Material provided Start Marker

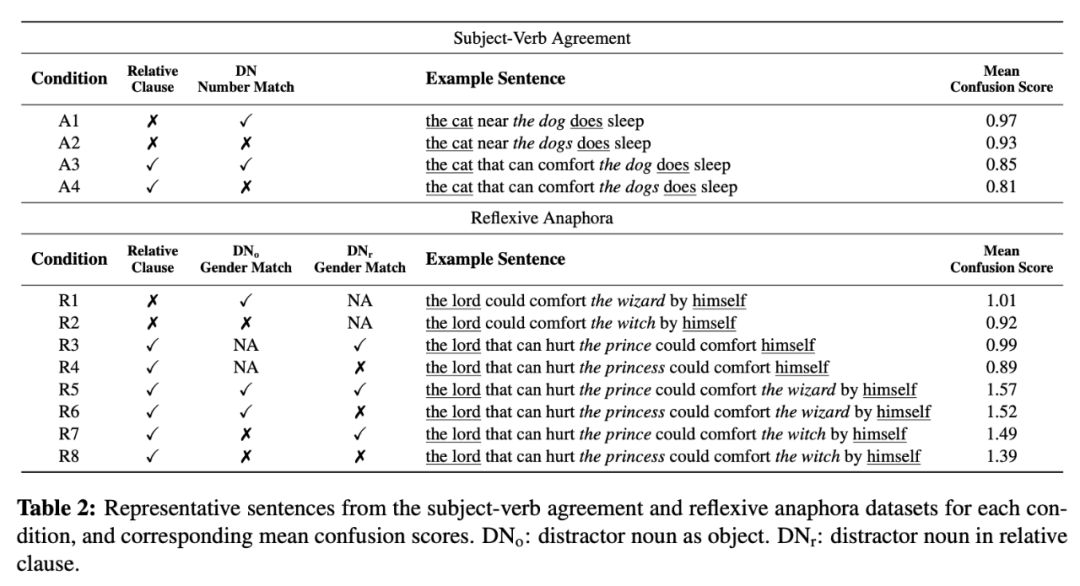 A1 和 A2 是带有介词短语的 example,A3 和 A4 是带有关系从句的 example,有论文指出带有介词短语的句子要比带有关系从句的句子更难处理,因此 A1 和 A2 的 score 要更高,而 A1 和 A3 中的“dog”和“the cat”一样都是可以接“does”的,而 A2 和 A4 的“dogs”是不能接“does”的,所以 A2 和 A4 的 score 要比 A1 和 A3 低。
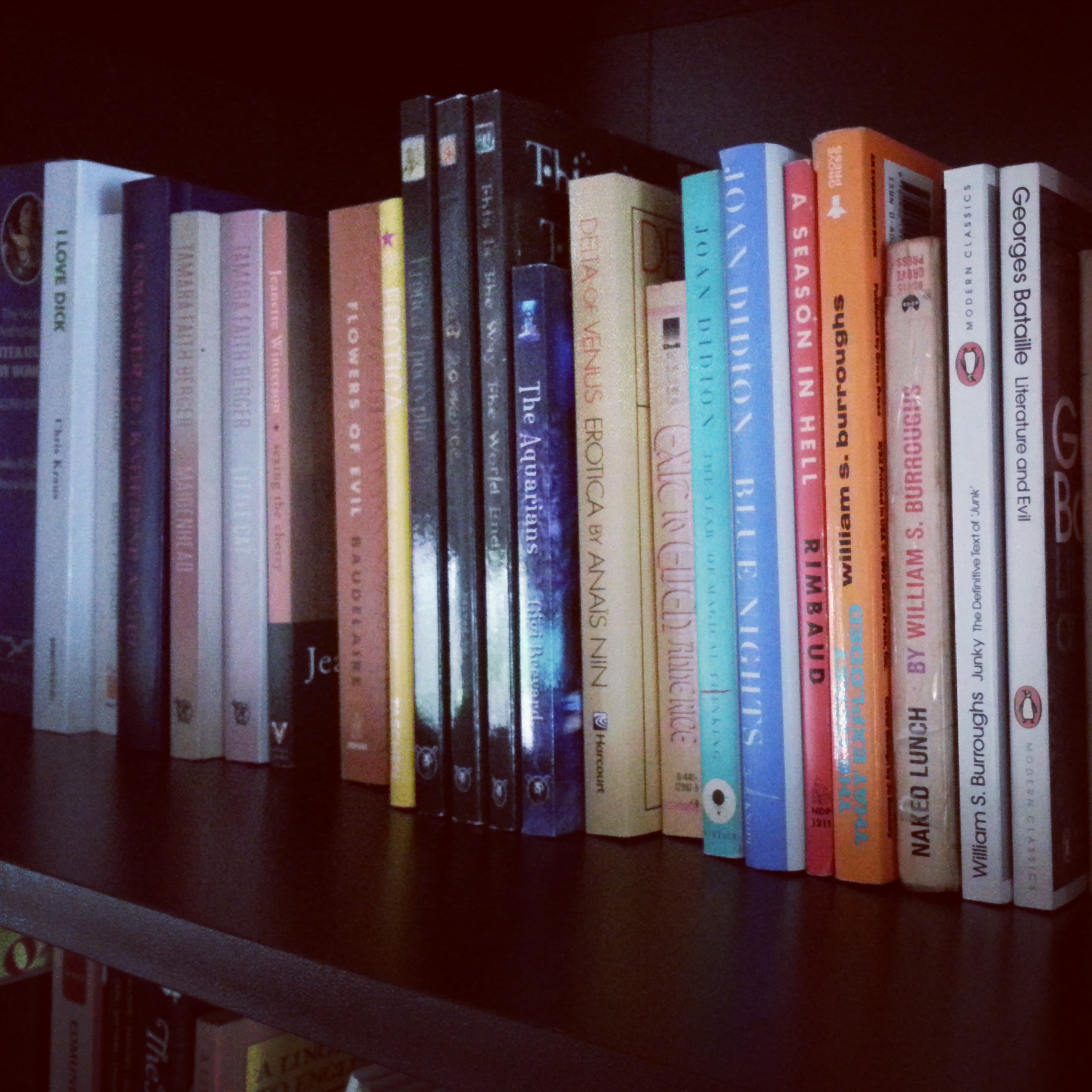 IMG_20140614_082853 (1)I’m a disorganized book lover and my shelves have their own weird system. I’ve somehow mixed my more erotic forms of literature with feminist texts, Freaky Fountain Press books, William S. Burroughs, Samuel R. Delany, poetry, and the Bible. The Bible can be pretty porn-y, no? Sometimes Joyce’s Ulysses finds itself up there too.
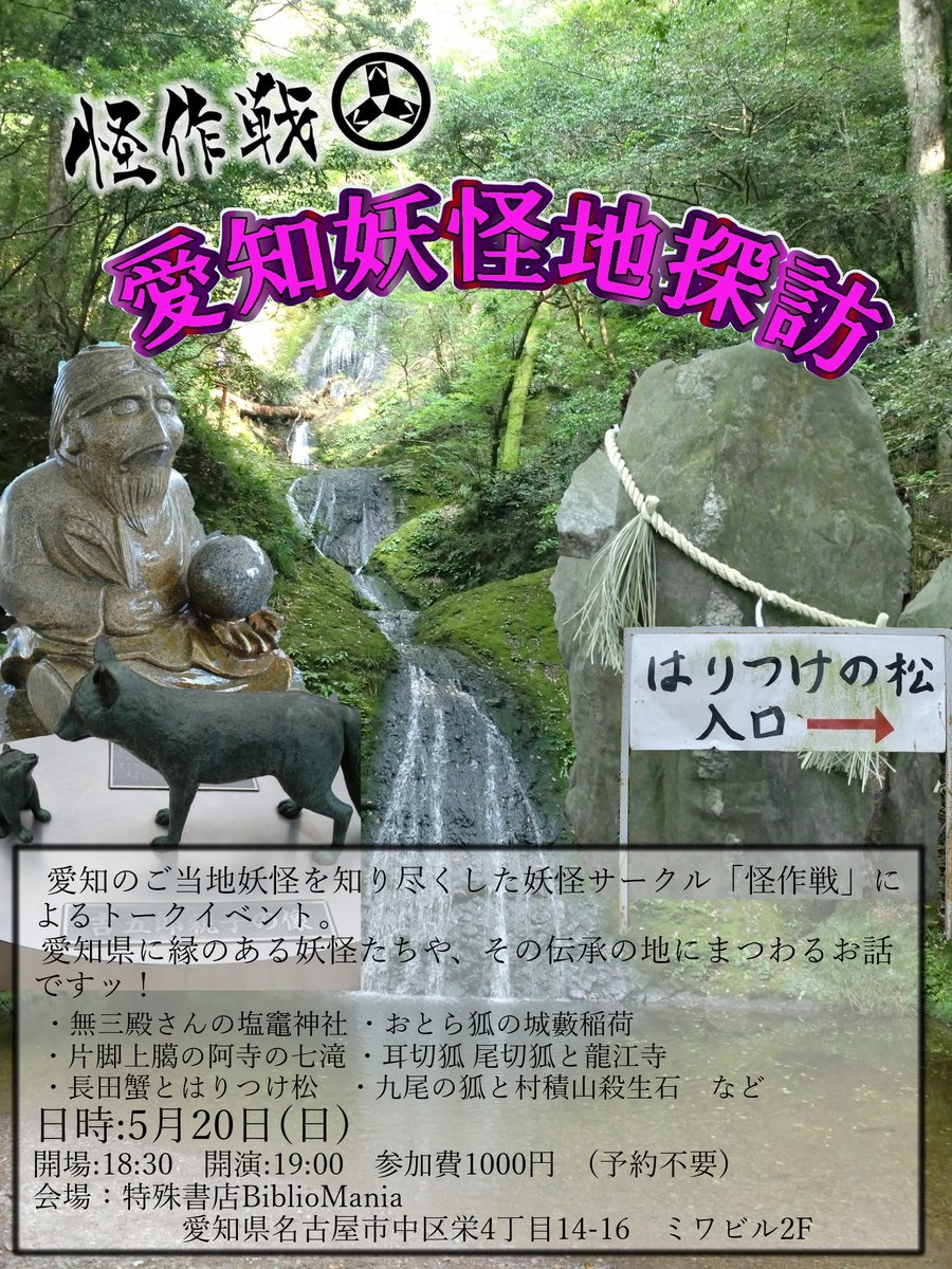 お好みの妖怪をイベント期間中に扇子にお描きします! も、やります! どうぞよろしくお願いいたします。 2018.03.03 Sat 21:50:22 5/20(日)【トークイベント】『愛知妖怪地探訪』特殊書店BiblioMania様にて!イベント告知でございます! 5/20(日)名古屋栄の「特殊書店BiblioMania」様にて、トークイベント『愛知妖怪地探訪』を開催します! 記 5/20(日) 開場 18:30 開演 19:00 予約不要 参加費1000円 会場 特殊書店BiblioMania アクセス→https://bibliomania-books.com/access これまで、地元愛知の妖怪を特集した同人誌を作ってきた訳ですが、色々現地にも行って写真も撮ってきた訳で。一部、冊子にも載せておりますが、カラーで!大きく!色々と!ご紹介しながらお話したら面白いんじゃないかなと(笑)。 予定している内容としては、 ・無三殿さんの塩竈神社
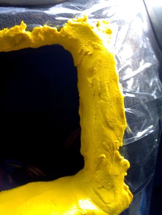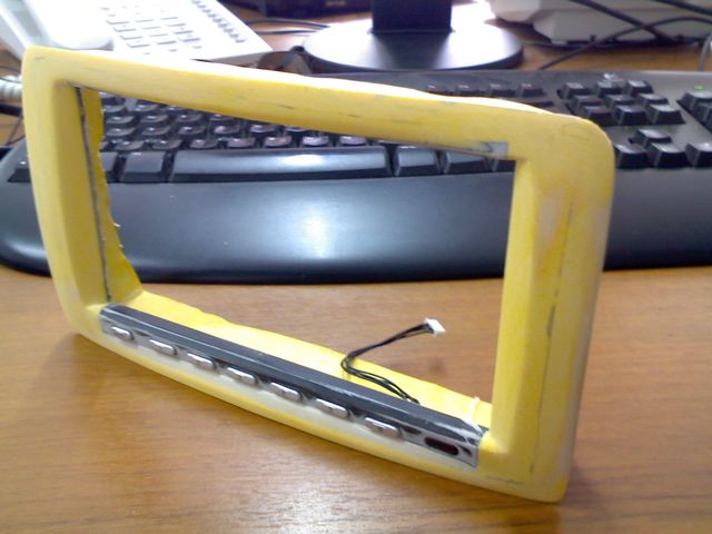 Начал ваять рамку надеюсь что первый блин не выйдет комом... осталось обрезать края, интегрировать рамку экрана, залепить бока, шпаклевать, красить... в общем еще много чего.... Пластелином очень удобно работать, он легко обрабатывается напильником - решил после рамки сделать себе кнопки на руле с использованием пластелина |
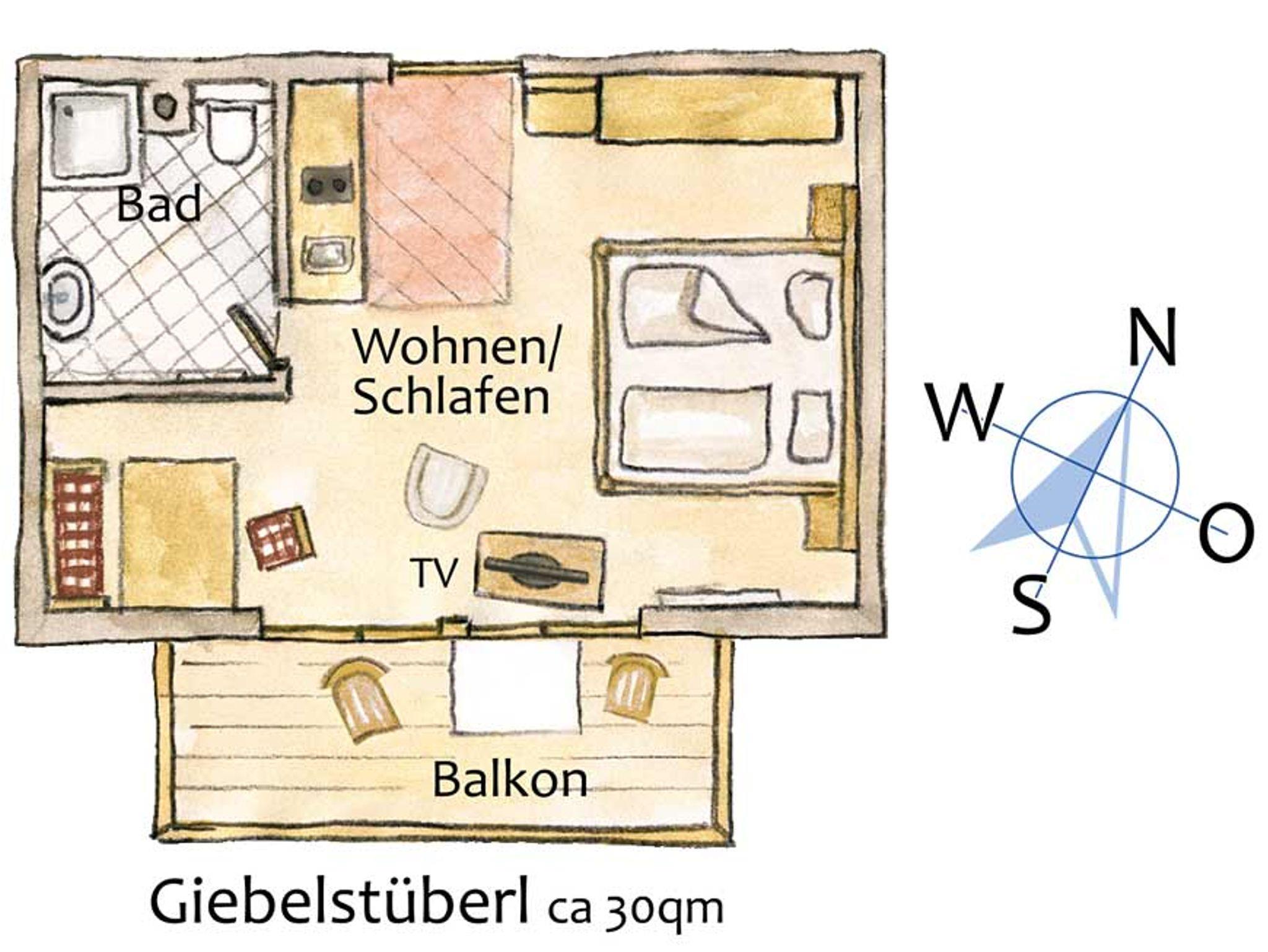 Das großzügige 1-Zimmer-Appartement Giebelstüberl für 2 Personen im Dachgeschoß hat eine Größe von ca. 30 m². Der große Südbalkon bietet freien Blick zum Fellhorn. An der gemütlichen Essecke im Wohnraum können Sie die selbst zubereiteten Mahlzeiten genießen. In der Kochnische lassen sich kleine Mahlzeiten zubereiten. Allergikergerecht wurde in der gesamten Wohnung hochwertiges Echtholz-Parkett verlegt. Bettwäsche und Handtücher sind ausreichend vorhanden und werden nach Ihren Wünschen gewechselt. Für den Fernsehabend steht Ihnen ein großes Fernsehgerät zur Verfügung. Das Duschbad im App. Giebelstüberl wurde komplett renoviert. In unseren Badezimmern bekommen Sie keine kalten Füße! Dafür sorgt die ganzjährig beheizte Fußbodenheizung.
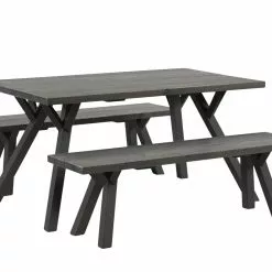 Vilbel Ou VENLA 4 Hengen Penkkiryhmä Lankkupöydällä Ja Puujaloilla
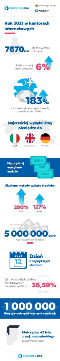 Rok 2021 był rekordowy w serwisach wymiany walut należących do Currency One. InternetowyKantor.pl i Walutomat zanotowały rekord obrotów, odnotowując dwucyfrowy wzrost rok do roku. Na ten imponujący wynik Currency One wpływ miały przede wszystkim sytuacja na rynkach, spowodowana dużymi wahaniami kursów związanymi m.in. z pandemią, ale również rozwój samych serwisów i nowe usługi wprowadzone dla klientów.
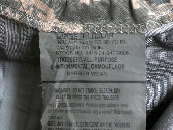 デッドストック 民間 APECS デジタル タイガー カモ オーバー パンツ LARGE REGULAR 新品 ゴアテックス USAF ABU ECWCS カーゴ 迷彩柄 軍物
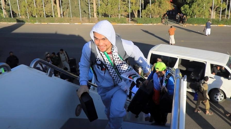 This video screenshot shows sailors of cargo vessel Eternity C boarding a plane at the Sanaa International Airport, in Sanaa, Yemen, on Dec. 3, 2025. [Photo/Houthi Media Center handout via Xinhua]
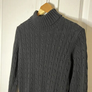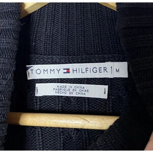 Y2K Tommy Hilfiger Black Chunky Ribbed Cable Knit Turtleneck Sweater Womens M
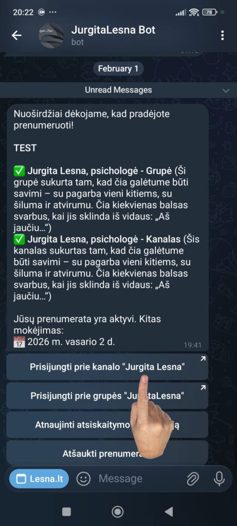 9. Telegram programoje gaunate pranešimą iš JurgitaLesna Bot, kad pradėjote prenumeruoti ir galite Prisijungti prie kanalo… arba Prisijungti prie Grupės…
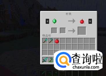 与村民进行交易,村民给你苹果。具体方法是点击村民,再点击交易,可以看到村民要交易的东西,有苹果可以交易。

Material provided End Marker

> _Activity_
Quote the lines above exactly, starting with the one that has "IMG_20140614_082853 (1)I’m a" and ending with the one that has "お好みの妖怪をイベント期間中に扇子にお描きします! も、やります! どうぞよろしくお願いいたします。"; drop the pictures and include nothing else.

> _Output below_
 IMG_20140614_082853 (1)I’m a disorganized book lover and my shelves have their own weird system. I’ve somehow mixed my more erotic forms of literature with feminist texts, Freaky Fountain Press books, William S. Burroughs, Samuel R. Delany, poetry, and the Bible. The Bible can be pretty porn-y, no? Sometimes Joyce’s Ulysses finds itself up there too.
 お好みの妖怪をイベント期間中に扇子にお描きします! も、やります! どうぞよろしくお願いいたします。 2018.03.03 Sat 21:50:22 5/20(日)【トークイベント】『愛知妖怪地探訪』特殊書店BiblioMania様にて!イベント告知でございます! 5/20(日)名古屋栄の「特殊書店BiblioMania」様にて、トークイベント『愛知妖怪地探訪』を開催します! 記 5/20(日) 開場 18:30 開演 19:00 予約不要 参加費1000円 会場 特殊書店BiblioMania アクセス→https://bibliomania-books.com/access これまで、地元愛知の妖怪を特集した同人誌を作ってきた訳ですが、色々現地にも行って写真も撮ってきた訳で。一部、冊子にも載せておりますが、カラーで!大きく!色々と!ご紹介しながらお話したら面白いんじゃないかなと(笑)。 予定している内容としては、 ・無三殿さんの塩竈神社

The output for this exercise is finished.